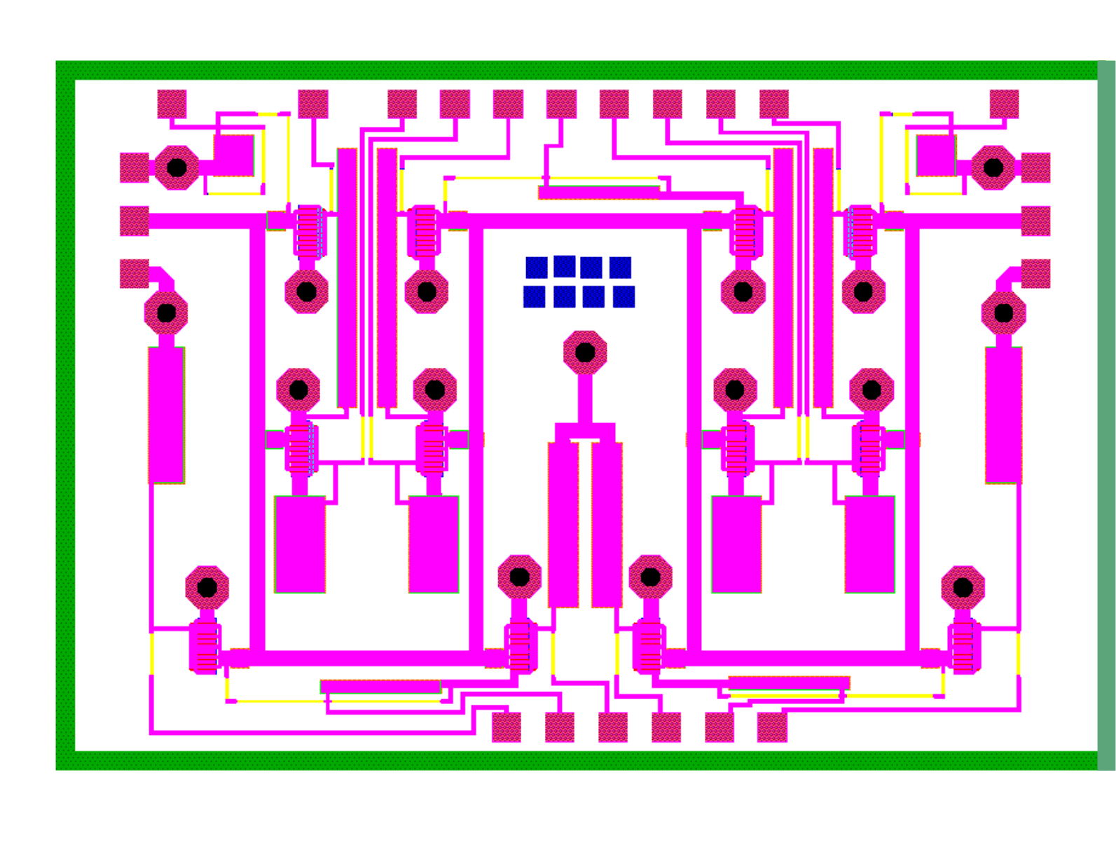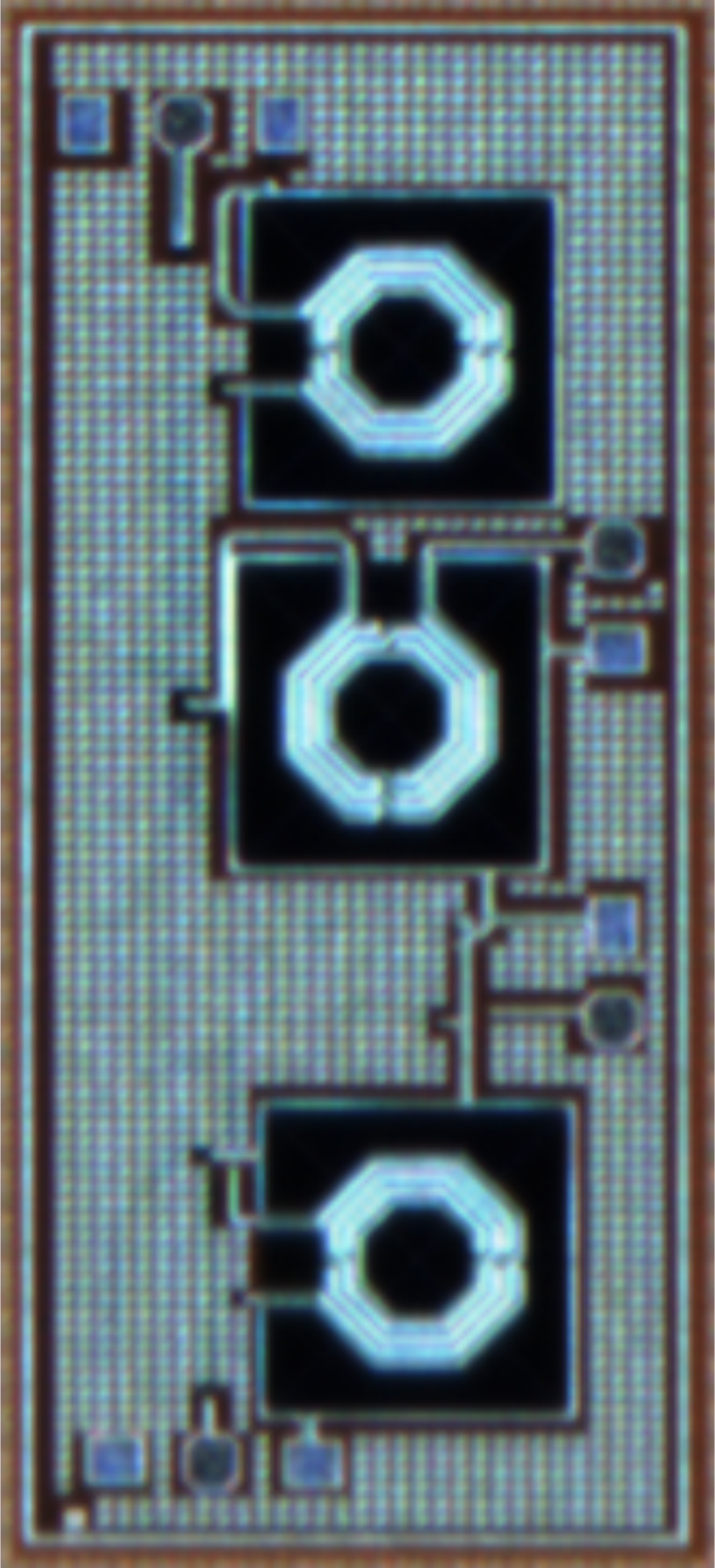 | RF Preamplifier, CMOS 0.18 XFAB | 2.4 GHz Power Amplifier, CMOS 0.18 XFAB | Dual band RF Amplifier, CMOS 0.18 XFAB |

...

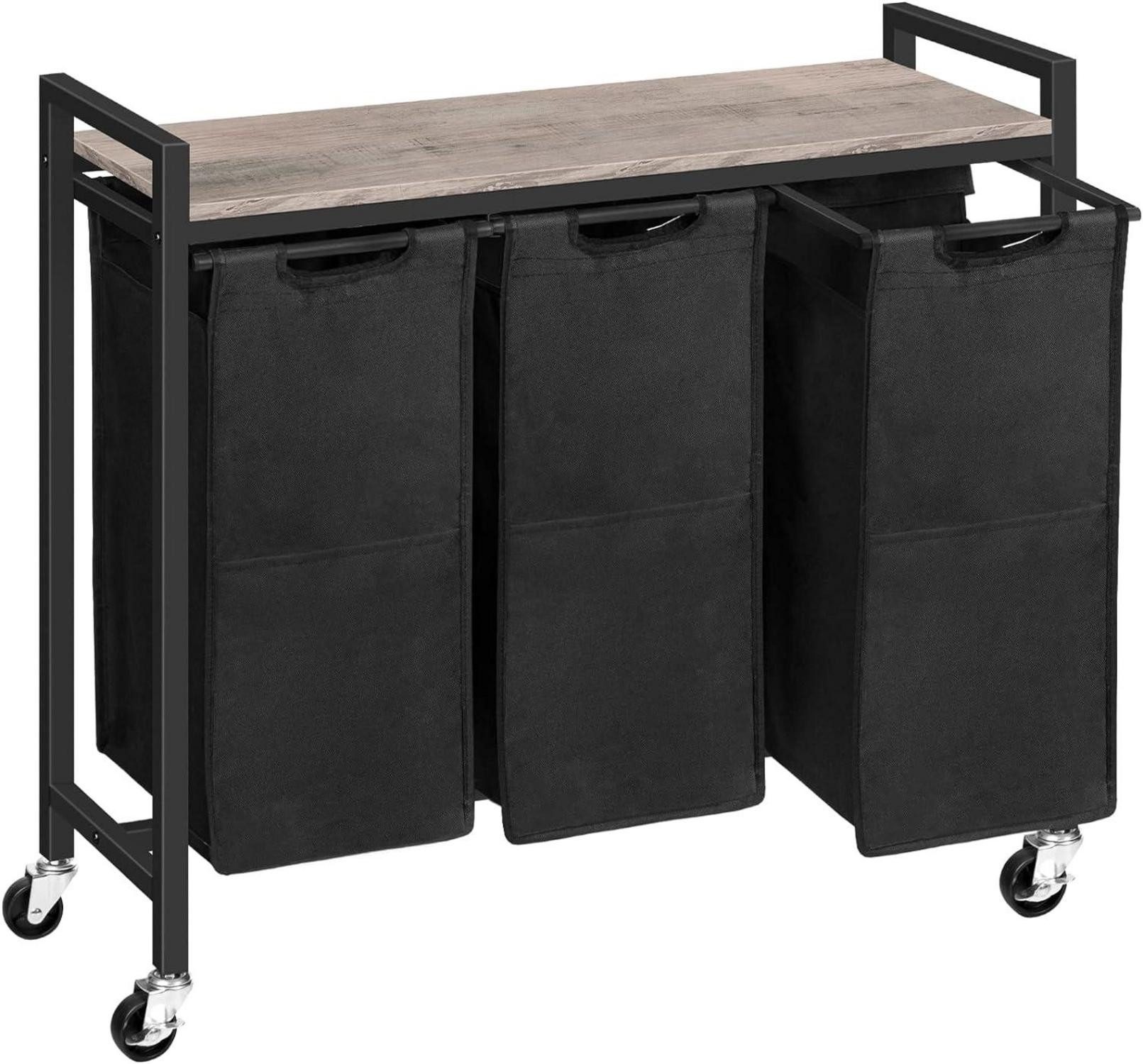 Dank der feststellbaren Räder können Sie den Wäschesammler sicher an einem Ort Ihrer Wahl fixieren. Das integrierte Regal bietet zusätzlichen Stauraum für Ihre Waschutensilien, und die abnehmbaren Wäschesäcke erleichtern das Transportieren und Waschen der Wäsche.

--

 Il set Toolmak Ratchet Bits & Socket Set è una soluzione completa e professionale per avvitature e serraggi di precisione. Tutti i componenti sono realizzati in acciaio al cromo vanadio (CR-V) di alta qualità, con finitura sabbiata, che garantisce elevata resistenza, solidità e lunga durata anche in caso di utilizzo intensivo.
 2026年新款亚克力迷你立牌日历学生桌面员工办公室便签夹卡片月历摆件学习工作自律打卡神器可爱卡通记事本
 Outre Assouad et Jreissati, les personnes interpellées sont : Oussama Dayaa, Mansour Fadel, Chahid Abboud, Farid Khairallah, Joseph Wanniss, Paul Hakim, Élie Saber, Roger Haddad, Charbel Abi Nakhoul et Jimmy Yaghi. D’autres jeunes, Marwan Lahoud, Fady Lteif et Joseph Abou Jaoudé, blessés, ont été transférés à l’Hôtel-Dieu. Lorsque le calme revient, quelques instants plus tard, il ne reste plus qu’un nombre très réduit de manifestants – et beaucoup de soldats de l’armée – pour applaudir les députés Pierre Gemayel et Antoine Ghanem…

- [AIM OF THE EXERCISE]:
Could you return exactly the lines above from the line with "Il set Toolmak" to the line with "2026年新款亚克力迷你立牌", both included, and nothing else?

- [ANSWER TO THIS EXERCISE]:
 Il set Toolmak Ratchet Bits & Socket Set è una soluzione completa e professionale per avvitature e serraggi di precisione. Tutti i componenti sono realizzati in acciaio al cromo vanadio (CR-V) di alta qualità, con finitura sabbiata, che garantisce elevata resistenza, solidità e lunga durata anche in caso di utilizzo intensivo.
 2026年新款亚克力迷你立牌日历学生桌面员工办公室便签夹卡片月历摆件学习工作自律打卡神器可爱卡通记事本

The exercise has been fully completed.